The story of Harker’s next move has been retold many times and has become a legend. Sometime in the fall of 1949, he was having a casual conversation with the Nobel laureate Irving Langmuir, the leading scientist of General Electric. Langmuir asked him what he would do with a million dollars. Harker responded that he would be happy to devote ten years of his life to determine a protein structure. Langmuir raised the money and Harker created his laboratory at the Brooklyn Polytechnical Institute, as it was then, or Brooklyn Poly. It became known as the Protein Structure Project, which aimed at the structure determination of ribonuclease. Brooklyn Poly at the time became a world hub for the science of macromolecules thanks to the presence of Herman F. Mark [8], Paul Peter Ewald, and David Harker. Francis Crick joined it for a short while at Harker’s invitation. This happened right after James D. Watson and Crick published their seminal paper about their suggestion of the double-helix structure of DNA. Harker and his wife did everything they could to make the stay of Crick and his family agreeable, including a comfortable apartment at a price they could afford [9]. It was not the Harkers’ fault that the Cricks did not enjoy their apartment on Fort Hamilton Parkway in Brooklyn and that Crick’s one-year sojourn in 1953 with the Protein Structure Project was not too successful, especially in comparison with his previous year at Cambridge, England. Harker’s project introduced methodological innovations, among them the multiple isomorphous replacement. Unknown to Harker, J. M. Bijvoet in Utrecht had already used such a technique, but did not sufficiently publicize it. This approach proved spectacularly successful a few years later for the structure determination of myoglobin by John Kendrew and hemoglobin by Max Perutz at Cambridge [10].
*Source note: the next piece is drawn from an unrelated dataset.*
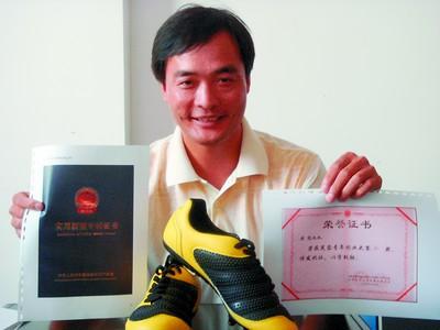家住芙蓉區的周凱說,這雙球鞋的設計得追溯到幾年前。“那天,我從電視轉播上看到貝克漢姆射出一個漂亮的弧線球,當時就被震驚了。從那以后,我就時常想,是不是我也能踢出一個這樣的弧線球。”經過20幾次修改圖紙,2005年,周凱向國家知識產權局提交了申請報告;2006年5月,產品獲得“實用新型專利證書”,產品名稱就叫:可加快足球旋轉的足球鞋。今年5月,周凱又憑此鞋獲得了“芙蓉青年創業大賽銀獎”。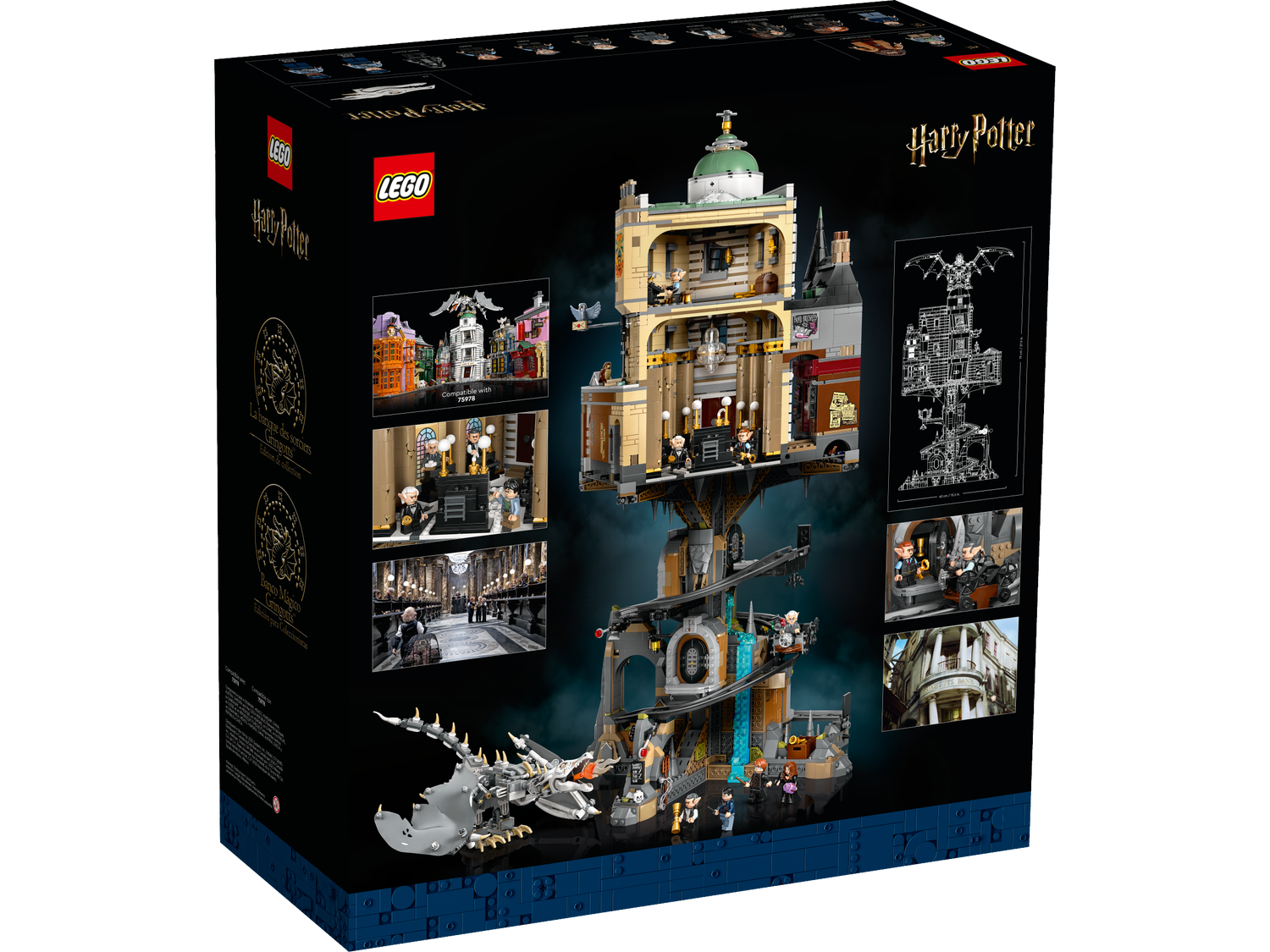 * LEGO® Harry Potter™ Gringotts™ Zaubererbank – Sammleredition (76417): Ruf dir Harry Potter Szenen in Gringotts™ Zaubererbank in Erinnerung, während du die stapelbaren Modelle der Bank, der 3 Verliese und des Ukrainischen Eisenbauchs baust* 13 LEGO® Minifiguren: 2 Versionen von Harry Potter™, Ron Weasley™, Bellatrix Lestrange/Hermine Granger™, Rubeus Hagrid™, ein Todesser, Bogrod, Griphook, Ricbert, 2 Kobolde und 2 Wachleute* Authentische Funktionen: Unter anderem ein Karren, der das spiralförmige Gleis hinunterfährt und an jedem Verlies hält sowie Bellatrix‘ Verlies mit versteckter Überraschung. Und auf den Rücken des Drachen passen 3 Minifiguren* Es gibt viel zu erkunden: Bilde das detailreiche Foyer und das Zwischengeschoss der Bank sowie die Magische Menagerie nebenan nach* Geschenkidee: Dieses 4.803-teilige Bauset ist ein tolles Geburtstags-, Weihnachts- oder Überraschungsgeschenk für erwachsene Harry Potter™ Fans und Sammler und eine schöne Belohnung für dich selbst* Modelle zum Bauen und Ausstellen: Das Modul mit Gringotts™ Zaubererbank ist 36 cm hoch, 32 cm breit und 25 cm tief. Aufeinander gestapelt sind die 3 Modelle 79 cm hoch* Kreatives Bauprojekt für eine oder mehrere Personen: In der Box und in der LEGO® Builder App findest du Schritt-für-Schritt-Bauanleitungen* Kombinierbar mit anderen separat erhältlichen LEGO® Harry Potter™ Sets: Das Modell von Gringotts™ Zaubererbank kann man an die separat erhältliche Winkelgasse (75978) anbauen* Qualitätsgarantie: LEGO® Elemente erfüllen die strengen Qualitätsstandards der Branche, damit sie einheitlich und kompatibel sind und sich fest zusammenstecken lassen* Sicherheit hat Vorrang: LEGO® Elemente werden jedem erdenklichen Test unterzogen und gründlich analysiert, damit sie strengste globale Sicherheitsstandards erfüllen

Harker’s project stayed at Brooklyn Poly for a decade and in 1959 he moved it to Roswell Park Memorial Institute in Buffalo, New York (today, Roswell Park Comprehensive Cancer Institute), named after its founder, Roswell Park. Harker’s research continued to thrive and it involved other renowned crystallographers on the staff or just visiting. The structure of ribonuclease was finally determined in 1967. It took a long time, but it was still a pioneering deed, the first protein structure determined in an American laboratory.

Harker retired in 1976 at the age of 70 and continued as a scientist emeritus at the Medical Foundation of Buffalo, today, the Hauptman-Woodward Medical Research Institute. He focused his research on the mathematical aspects of crystallography, color space groups, and infinite polyhedra. His friendship with Herbert A. Hauptman, the principal scientist of the Institute enhanced the attraction of this venue for him. Hauptman was a mathematician and at the time Harker joined his institute, Hauptman was engaged in preparing stained glass polyhedra and determining the number of equal-size spheres possible to arrange in them—a mathematical curiosity of structural significance [11]. Thus, they shared interest in the object of their curiosity. In 1985, Hauptman shared the chemistry Nobel Prize, the one referred to above, with Jerome Karle, for their work in developing direct methods for the determination of crystal structures.

Harker’s recognition started first on a more local level right after the publication of the ribonuclease structure and moved soon to national and international level. Only a few items are mentioned here. He served as president of the Society for X-ray and Electron Diffraction in 1946. He was a charter member of the International Union of Crystallography. In 1977, he was elected to the National Academy of Sciences and the American Academy of Arts and Sciences. According to Hauptman’s memoir, Harker was nominated for the Nobel Prize in 1979. In 1980, he received the Fankuchen Award of the American Crystallographic Association and in 1984, the Gregori Aminoff Prize of the Royal Swedish Academy of Sciences, the highest recognition for achievements in crystallography. I had known Harker’s name from the literature long before our meeting in person in Buffalo in 1989, and I have the warmest memories of that meeting.